Item 1.01. | Entry into a Material Definitive Agreement. |
On August 5, 2021, Westlake Chemical Corporation (the “Company”) entered into an underwriting agreement (the “Underwriting Agreement”) with Deutsche Bank Securities Inc., BofA Securities, Inc., Citigroup Global Markets Inc., J.P. Morgan Securities LLC and Wells Fargo Securities, LLC, for themselves and as representatives of the other underwriters named therein (the “Underwriters”), with respect to the issuance and sale in an underwritten public offering (the “Offering”) by the Company of $300,000,000 aggregate principal amount of its 0.875% senior notes due 2024, $350,000,000 aggregate principal amount of its 2.875% senior notes due 2041, $600,000,000 aggregate principal amount of its 3.125% senior notes due 2051 and $450,000,000 aggregate principal amount of its 3.375% senior notes due 2061 (collectively, the “Notes”) pursuant to the Company’s registration statement on Form S-3 (File No. 333-234573), as amended. The Offering is expected to close on August 19, 2021, subject to customary closing conditions.
The Underwriting Agreement contains customary representations, warranties and agreements of the Company, and customary conditions to closing, obligations of the parties and termination provisions. The Company has agreed to indemnify the Underwriters against certain liabilities, including liabilities under the Securities Act of 1933, as amended (the “Securities Act”), or to contribute to payments the Underwriters may be required to make because of any of those liabilities.
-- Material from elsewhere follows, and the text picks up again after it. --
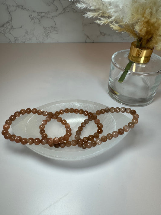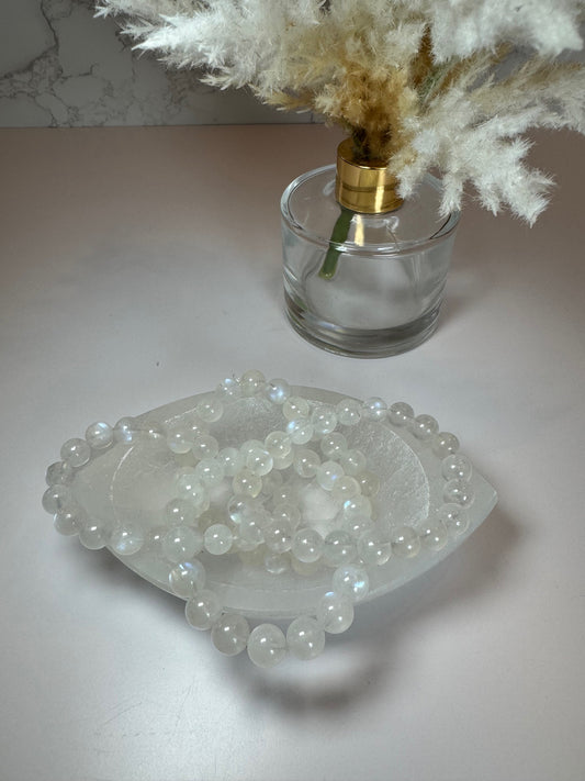 Moonstone with Blue Flash Stretch Bracelet 8mm

The Company expects to receive net proceeds (after deducting underwriting discounts and commissions, but before paying offering expenses payable by the Company) from the Offering of approximately $1.65 billion. As described in the preliminary prospectus supplement filed in connection with the Offering, the Company intends to use the net proceeds from the Offering to fund a portion of the purchase price of its pending acquisitions (the “Acquisitions”) of 100% of the issued and outstanding equity interests of (i) certain subsidiaries of Boral Industries Inc. engaged in Boral Limited’s North American building products businesses in roofing, siding, trim and shutters, decorative stone and windows for a purchase price of $2.15 billion in cash, subject to certain post-closing adjustments, (ii) Lasco Fittings, Inc. for a purchase price of $252.5 million in cash, subject to certain post-closing adjustments, and (iii) DX Acquisition Corp. for a purchase price of $170.0 million in cash, subject to certain post-closing adjustments, and to pay related fees and expenses. The Offering is not contingent upon the consummation of any of the Acquisitions. However, if the Company does not consummate an Acquisition under specified circumstances, the Company will be required to redeem all of the outstanding Notes of the applicable series at a redemption price equal to 101% of the principal amount of the Notes of such series being redeemed, plus accrued and unpaid interest, if any, to, but not including, the date of such redemption.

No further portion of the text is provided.